_DATA UNDER STUDY:_
<<<<
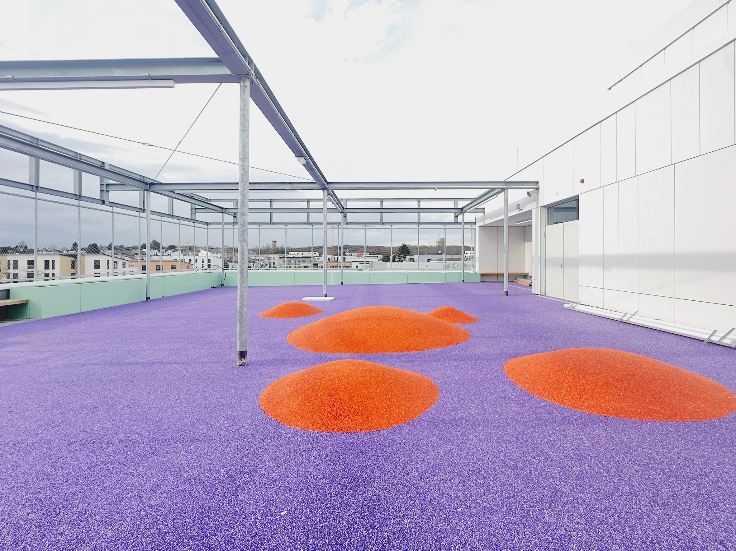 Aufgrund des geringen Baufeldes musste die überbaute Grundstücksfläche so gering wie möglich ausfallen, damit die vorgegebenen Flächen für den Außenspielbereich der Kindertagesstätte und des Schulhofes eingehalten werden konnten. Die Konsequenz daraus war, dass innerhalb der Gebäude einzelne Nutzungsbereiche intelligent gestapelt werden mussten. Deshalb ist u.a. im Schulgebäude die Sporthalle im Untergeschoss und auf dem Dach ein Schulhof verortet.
>>>>
<<<<
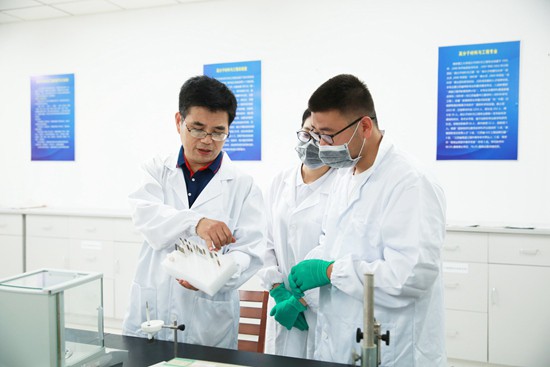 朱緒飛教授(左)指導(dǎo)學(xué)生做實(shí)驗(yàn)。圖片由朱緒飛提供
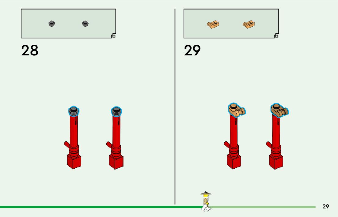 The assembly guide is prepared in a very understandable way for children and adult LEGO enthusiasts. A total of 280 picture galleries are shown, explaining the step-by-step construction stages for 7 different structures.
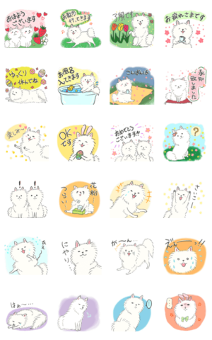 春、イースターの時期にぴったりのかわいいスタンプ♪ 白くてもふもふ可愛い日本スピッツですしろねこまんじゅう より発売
>>>>
Reproduce, word for word, everything in the listing above from the line containing "朱緒飛教授(左)指導(dǎo" down to the line containing "The assembly guide", both of them included. No pictures.

 朱緒飛教授(左)指導(dǎo)學(xué)生做實(shí)驗(yàn)。圖片由朱緒飛提供
 The assembly guide is prepared in a very understandable way for children and adult LEGO enthusiasts. A total of 280 picture galleries are shown, explaining the step-by-step construction stages for 7 different structures.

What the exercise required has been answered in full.